## [Task objective]
Nothing but the lines below from the one that contains "包静娟名师工作室成员陈正华老" through the one that contains "Young hispanic policewoman" should be retyped, exactly and including both ends. Do not include pictures.

## [Data for processing]
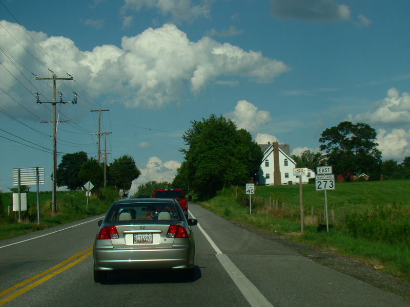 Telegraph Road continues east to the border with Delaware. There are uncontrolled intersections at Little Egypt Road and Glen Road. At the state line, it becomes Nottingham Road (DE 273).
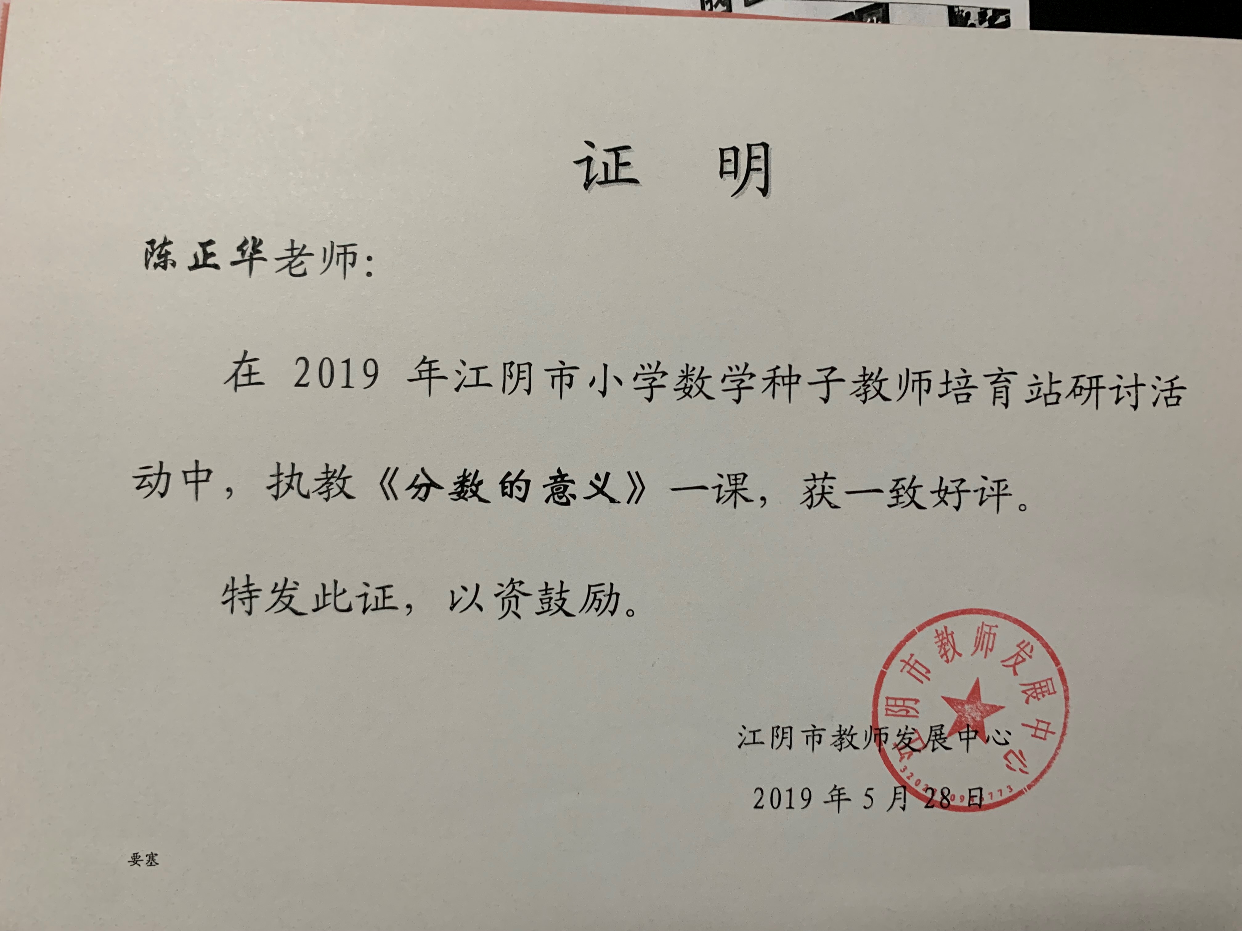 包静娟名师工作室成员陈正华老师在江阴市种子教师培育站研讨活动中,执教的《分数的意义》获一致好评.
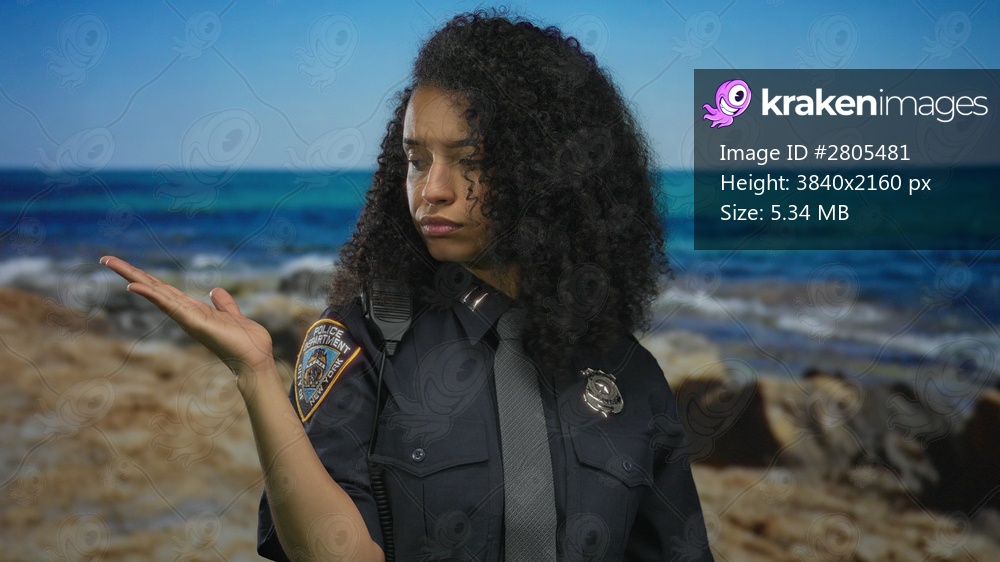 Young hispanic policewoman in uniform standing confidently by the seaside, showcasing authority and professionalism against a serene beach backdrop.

* * *

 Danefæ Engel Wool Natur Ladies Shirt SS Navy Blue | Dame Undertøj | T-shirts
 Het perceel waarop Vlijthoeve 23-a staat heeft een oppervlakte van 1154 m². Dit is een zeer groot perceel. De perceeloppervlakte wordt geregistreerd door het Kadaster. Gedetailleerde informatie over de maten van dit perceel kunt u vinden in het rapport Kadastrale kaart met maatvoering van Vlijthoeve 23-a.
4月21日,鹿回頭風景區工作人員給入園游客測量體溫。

## [Answer to this problem]
 包静娟名师工作室成员陈正华老师在江阴市种子教师培育站研讨活动中,执教的《分数的意义》获一致好评.
 Young hispanic policewoman in uniform standing confidently by the seaside, showcasing authority and professionalism against a serene beach backdrop.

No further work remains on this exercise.